Exercise requirements -> Some of the lines below need repeating. Reproduce exactly those between the lines holding "Wellwood Oyster Dinner 23 October, 2016" and "Zoom Meeting 8th February 2022.", inclusive.

Data for this exercise ->
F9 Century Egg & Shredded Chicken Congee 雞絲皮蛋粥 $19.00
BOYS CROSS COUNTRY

--

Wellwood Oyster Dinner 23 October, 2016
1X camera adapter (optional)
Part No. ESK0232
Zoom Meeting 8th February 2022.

Solution below ->
Wellwood Oyster Dinner 23 October, 2016
1X camera adapter (optional)
Part No. ESK0232
Zoom Meeting 8th February 2022.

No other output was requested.